Older blog entries for caolan (starting at number 221)

700 conversion target reached


Pushed through the 700 widget conversion barrier this week. The FindDialogs wiki page has helped quite a bit. There remains quite a few blanks in there though, so help still needed to identify the route to launch those unknown dialogs and tabpages via the UI.

Of the newly identified ones I'm a little amused by RID_OFAPAGE_SMARTTAG_OPTIONS which (we think) can only be seen when a smart tags extension is installed. Is there a known working extension out there that enables this to be shown when installed ?

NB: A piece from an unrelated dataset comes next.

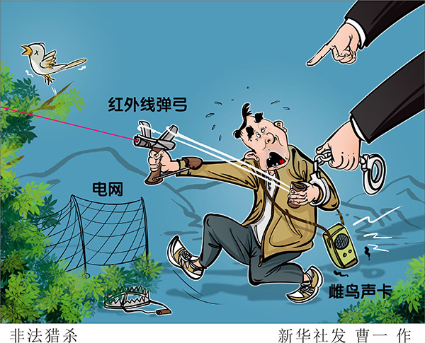 一個彈弓配上精準的紅外線瞄準儀,保證“百發百中”;一張聲卡匯集數十種雌鳥聲,2000米外能遙控指揮;精心設下的捕獵夾,等著野生動物來“斷腿”……嚴寒過后,萬物復蘇的春天悄然來到。然而,對于野生動物們來說,等待它們的除了和風細雨,還有一些人精心設下的“天羅地網”。

Trivia titbit: we have converted eight different passwords dialogs. And there remains one unconverted one whose route to being launched is currently unknown

Current conversion stats are:
706 .ui files currently exist
There are 67 unconverted dialogs
There are 68 unconverted tabpages
An estimated additional 135 .ui are required
We are 83% of the way through.

Syndicated 2014-03-28 20:54:00 (Updated 2014-03-28 20:54:44) from Caolán McNamara

FindingTheBlastedLastBunchOfDialogs

I'm finding it a fairly slow process to find the last 175 dialogs/tabpages in the LibreOffice UI. I have the full list of identifiers, and it's generally not a difficult process to find how to activate any individual dialog from the UI but in the aggregate it takes time and breaks the development flow if I have to stop/start to find the next one to convert.

So, you can help :-) This FindDialogs wiki page contains the list of identifiers and some hints as to how to find them in the source and in the help documentation. That's generally sufficient to determine what dialog they describe and how to launch it.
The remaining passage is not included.